Install KubeVault and Stash
Pre-requisites
First, we will set up the environment, and after that we will use KubeVault and Stash to deploy and restore a vault server. You need to have a Kubernetes cluster. You should understand the basics of Kubernetes concepts like cluster, pod, service, and secret. You should also be familiar with Vault. Here, our Kubernetes cluster will be created using Kind. Additionally, Helm needs to be installed on our Kubernetes cluster. Basic knowledge of various Kubernetes concepts are required, for example, pod, service, secret, cluster, and also have a basic idea about HashiCorp Vault.
In this article, it is required to install the KubeVault operator in your Kubernetes cluster. A license is required to use KubeVault on a Kubernetes cluster, and it is available for free from the Appscode License Server. The Kubernetes cluster ID is required in order to obtain this license. You can use the command we’ve included below to find this ID.
$ kubectl get ns kube-system -o jsonpath='{.metadata.uid}'
e5b4a1a0-5a67-4657-b370-db7200108cae
After providing the necessary information and hitting the submit button, the license server will email a “license.txt” file. To install KubeVault, run the following commands:
$ helm install kubevault oci://ghcr.io/appscode-charts/kubevault \
--version v2025.2.10 \
--namespace kubevault --create-namespace \
--set-file global.license=/path/to/the/license.txt \
--wait --burst-limit=10000 --debug
Verify the installation by the following command:
$ kubectl get pods --all-namespaces -l "app.kubernetes.io/instance=kubevault"
NAMESPACE NAME READY STATUS RESTARTS AGE
kubevault kubevault-kubevault-operator-f89555d55-rwf49 1/1 Running 0 64m
kubevault kubevault-kubevault-webhook-server-6497bb6d69-4wvpr 1/1 Running 0 64m
Within a short time all the pods in kubevault namespace will start running. If all pod statuses are running, we can move on to the next phase.
For any confusion regarding KubeVault installation, you can follow the KubeVault-Setup page.
Also, install Stash in your cluster following the steps here.
Create a Namespace
After that, we’ll create a new namespace in which we will deploy Vault Server. In this case, we have created demo namespace, but you can create namespace with any name that you want. To create the namespace, we can use the following command:
$ kubectl create namespace demo
namespace/demo created
Restore Vault in Kubernetes
Prepare Backend
We are going to restore vault data from the GCS bucket where we restored the vault data.
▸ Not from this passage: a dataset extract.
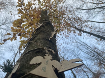 Vor der Rede erhalten die Zeremoniegäste Holzengel und einen Stift, auf die sie der verstorbenen Person noch etwas mit auf den Weg geben können. Diese können Sie dann, nach dem sie an die Beisetzungsstelle getreten sind, am Hanfseil anbringen. Die Holzengel bzw. andere Formen können sich auch bei mir bestellen.
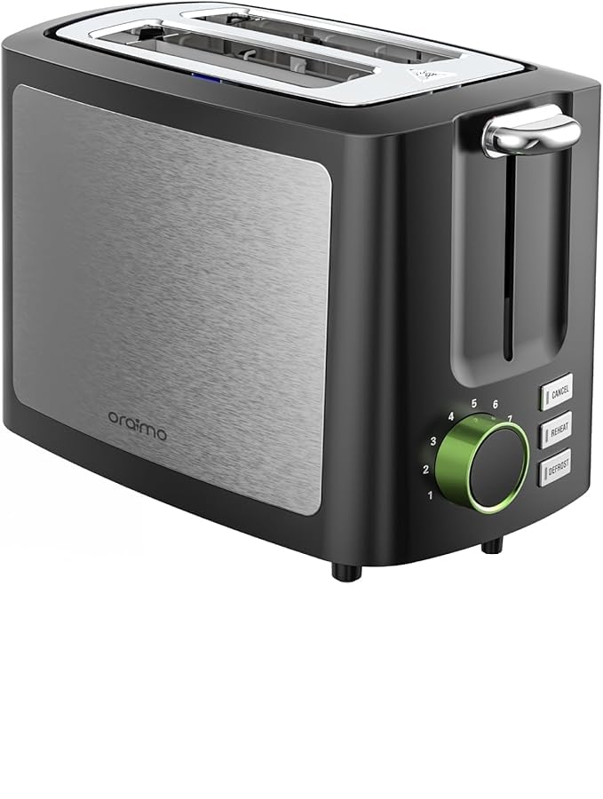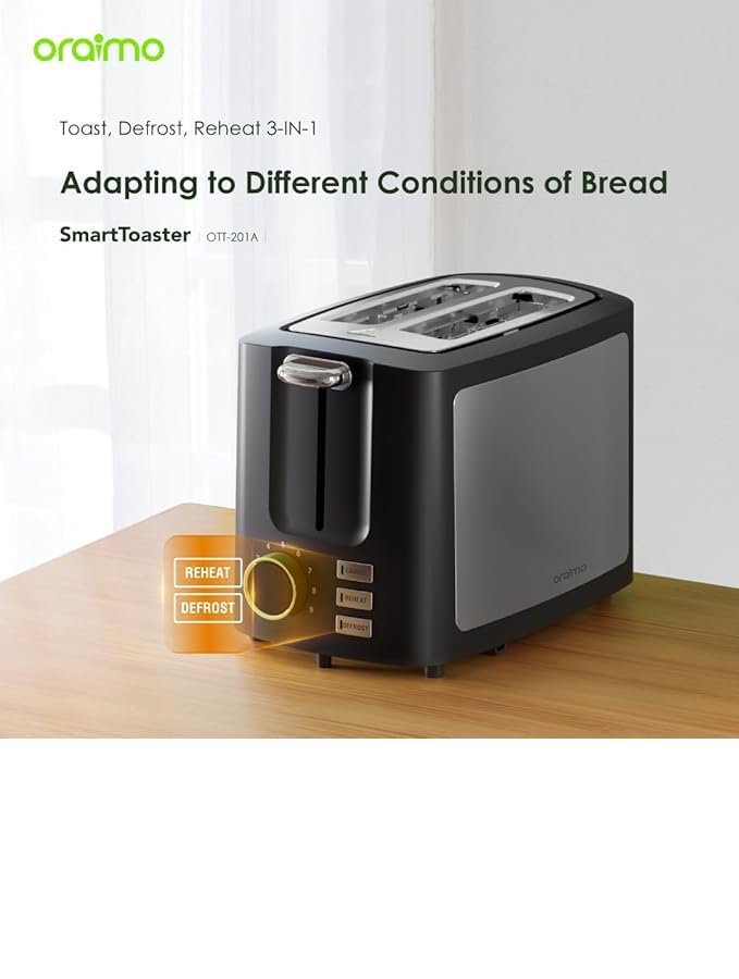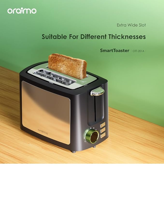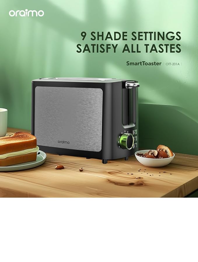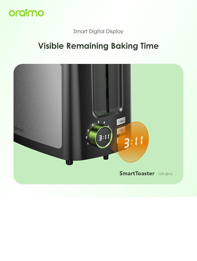 Oraimo - محمصة خبز ذات شريحتين مع شاشة رقمية ذكية وخاصية إذابة الثلج وإعادة التسخين 3 في 1 وبـ 9 إعدادات تحميص وفتحة عريضة للغاية وصينية فتات قابلة للإزالة وسهلة التنظيف وترضي جميع الأذواق من اورايمو

We have to create a Secret with necessary credentials and a Repository crd to use this backend. If you want to use a different backend, please read the respective backend configuration doc from here.
Create Secret
Let’s create a secret called gcs-secret
with access credentials to our desired GCS bucket,
$ echo -n 'restic-pass' > RESTIC_PASSWORD
$ echo -n 'project-id' > GOOGLE_PROJECT_ID
$ cat sa.json > GOOGLE_SERVICE_ACCOUNT_JSON_KEY
$ kubectl create secret generic -n demo gcs-secret \
--from-file=./RESTIC_PASSWORD \
--from-file=./GOOGLE_PROJECT_ID \
--from-file=./GOOGLE_SERVICE_ACCOUNT_JSON_KEY
Now, we are ready to restore our workload’s data from our desired backend.
Create Repository
Now, create a Repository
using this secret. Below is the YAML of Repository crd we are going to create,
apiVersion: stash.appscode.com/v1alpha1
kind: Repository
metadata:
name: gcp-demo-repo
namespace: demo
spec:
backend:
gcs:
bucket: stash-testing
prefix: demo-vault
storageSecretName: gcs-secret
usagePolicy:
allowedNamespaces:
from: Same
wipeOut: false
$ kbuectl apply -f repository.yaml
Now, we are ready to restore our sample data from this backend.
Restore
There are two scenarios. First is you have your vault server running from where you took backup and you want to restore the vault data in the same vault. Another is when you deleted the vault server from where the backup is taken and created another vault server where you want to restore the data.
Restore Snapshot for same Vault
First, we will see how you can restore a snapshot into the same Vault cluster. Vault cluster must be Initialized
& Unsealed
before trying to restore the snapshot.
Then, simply you can create a RestoreSession to restore the snapshot.
Create RestoreSession
Below is the YAML of the RestoreSession
crd that we are going to create,
apiVersion: stash.appscode.com/v1beta1
kind: RestoreSession
metadata:
name: vault-restore-session
namespace: demo
spec:
repository:
name: gcp-demo-repo
target:
ref:
apiVersion: appcatalog.appscode.com/v1alpha1
kind: AppBinding
name: vault
runtimeSettings:
container:
securityContext:
runAsUser: 0
runAsGroup: 0
rules:
- snapshots: [latest]
Let’s create the RestoreSession
CR we have shown above,
$ kubectl apply -f restore-session.yaml
Now, wait for RestoreSession to succeed:
$ kubectl get restoresession -n demo
NAME REPOSITORY PHASE DURATION AGE
vault-restore-session gcp-demo-repo Succeeded 19s 27s
Restore Snapshot for different Vault
Follow this guideline if you want to restore a snapshot into a different Vault cluster.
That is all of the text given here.